Despite the capabilities of stablecoin issuers to control funds, regulatory compliance and user trust remain paramount. Users must remain vigilant and adopt best practices to safeguard their funds, including using secure wallets, storing private keys securely, and staying informed about potential scams.
While stablecoins offer stability and utility within the blockchain ecosystem, their success hinges on maintaining user trust and compliance with regulatory standards. By understanding the technical mechanisms at play and implementing robust security measures, users can navigate the TON blockchain with confidence and protect their assets effectively.
FAQs
1. What is TON’s Stablecoin? TON’s stablecoin refers to USDt, a stablecoin introduced on the TON network by Tether during the Token2049 conference. Unlike native tokens, stablecoins are pegged to the value of traditional fiat currencies to maintain stability.

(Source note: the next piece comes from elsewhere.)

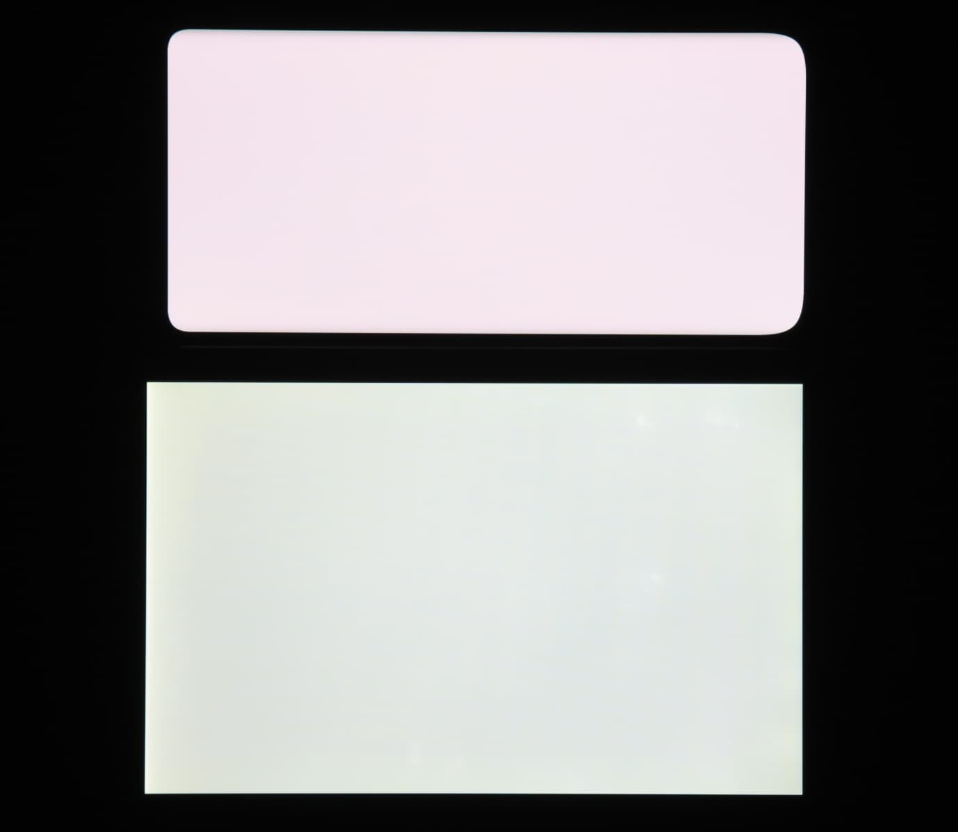 Экран характеризуется великолепными углами обзора. Даже белый цвет при отклонении меняет оттенок лишь в малой степени, что для AMOLED-экранов редкость. Черный цвет остается просто черным под любыми углами. Он настолько черный, что параметр контрастности в данном случае неприменим. Для сравнения приведем фотографии, на которых на экраны Huawei P50 Pro и второго участника сравнения выведены одинаковые изображения, при этом яркость экранов изначально установлена примерно на 200 кд/м², а цветовой баланс на фотоаппарате принудительно переключен на 6500 К.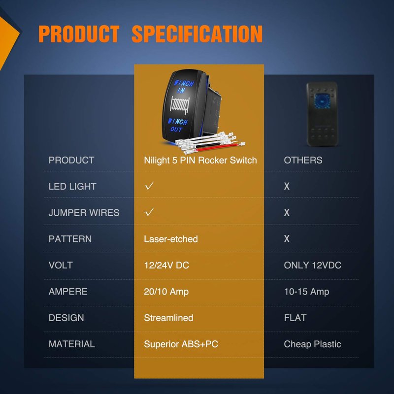 - Easy to install and use: 7 pin on-off rocker switch with DPDT design (double pole double Throw), simple installation, can control 2 circuits.

2. How are Smart Contracts Structured on TON? Smart contracts on the TON blockchain are written in languages like TACT and FUNC. They facilitate asynchronous communication between contracts through messages, enabling the execution of various functions based on message payloads.
3. What is the Role of Sharding in TON Smart Contracts? Sharding allows for the scalability of business logic on smart contracts by dividing storage and processing tasks among multiple contracts. While enhancing scalability, sharding also introduces complexities in smart contract design.
4. How are Funds Locked in TON’s Stablecoin? The stablecoin smart contract includes a Status variable that can be manipulated by the master contract administrator to lock or unlock funds. This mechanism allows the issuer to comply with regulatory requirements and manage user funds as needed.
5. What Security Measures Should Users Take on the TON Blockchain? Users should use secure wallets, store private keys safely, remain vigilant against scams, verify addresses before transactions, keep software updated, and understand smart contract features to protect their funds on the TON blockchain effectively.
6. What Are the Risks Associated with Stablecoins on TON? While stablecoins offer stability and utility, users should be aware of potential risks, such as regulatory compliance issues, issuer control over funds, and the possibility of code replacement in master contracts. Staying informed and adopting robust security practices is essential for mitigating these risks.
7. Can Stablecoin Issuers Block User Funds? Yes, stablecoin issuers have the capability to block user funds by changing the status variable in the wallet contract. This action is often taken to comply with regulatory requirements or in response to specific circumstances deemed necessary by the issuer.
8. What Are the Implications of Code Replacement in Master Contracts? Code replacement in master contracts allows for significant changes to the stablecoin’s functionality and operation. While this flexibility enables adaptability to regulatory requirements and technical improvements, it also introduces potential risks if misused or exploited by malicious actors.
9. How Does Token Transfer Work on the TON Network? Token transfers on the TON network involve sending messages between wallet contracts. These messages contain instructions to transfer tokens from one wallet to another. Toncoin is used as payment for messages and executing smart contracts, similar to gas in other blockchain networks.
10. What Should Users Do in Case of Unauthorized Access to Their Funds? In case of unauthorized access to funds, users should immediately take action to secure their accounts. This includes changing passwords, revoking access from suspicious devices, and notifying the wallet provider or platform support team for further assistance. Additionally, affected users should monitor their accounts closely for any unusual activity and consider reporting the incident to relevant authorities.